As I studied God’s Word more and more, I began serving in the ministries of Harvester. The Lord opened the opportunity for me to become a Bus Captain with the church bus ministry – reaching out to other families just like my own. Pastor encouraged me to begin teaching. The first class I taught was a Junior-age class consisting of two girls. The Lord blessed, and within three months the class had grown to 25 girls.

My interest in Christian education continued to grow, and I resumed my studies. In May of 1993, I received my Masters Degree in Religious Education from Liberty University. Seeking ways to help teachers effectively communicate God’s Word to children, I took courses offered by Child Evangelism Fellowship and became a certified teacher instructor. In addition to an interest in the education of children, I had a goal of implementing a continuing adult education program designed to equip adults to serve the Lord. Working with Pastor Simpson, the Harvester Bible Institute became the fruition of that dream.

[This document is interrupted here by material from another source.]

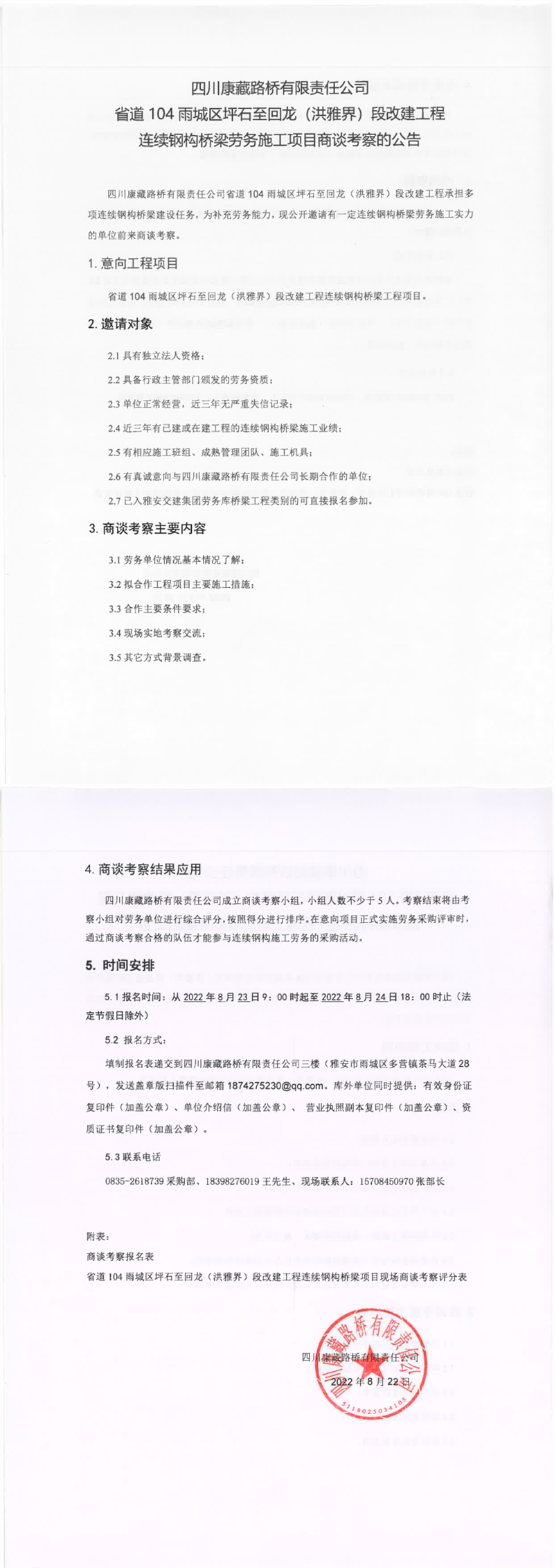 四川康藏路桥有限责任公司省道104雨城区坪石至回龙(洪雅界)段改建工程陆续在钢构桥梁劳务施工项目商谈考察的公告

God continues His work in my life in the field of Christian education. “This year marks 10 years of mission service through Tool Kit Ministries, helping local churches teach and reach others by sharing the Bible basics learned through the ministries of Harvester Baptist Church over the past 30+ years.” Who would have thought that God could take such a broken vessel and use it to serve Him?

God is so faithful. Both my parents received Christ as their Savior before they left this earth, as did my step-dad. Many of our relatives have received Christ. It is only because of God’s power and His amazing grace that all these lives have been touched for eternity

In my life it all began with a simple prayer, “God, if You’re real, please show me.” Today my life verse is Philippians 4:13, “I can do all things through Christ who strengthens me.” Thank You, Lord.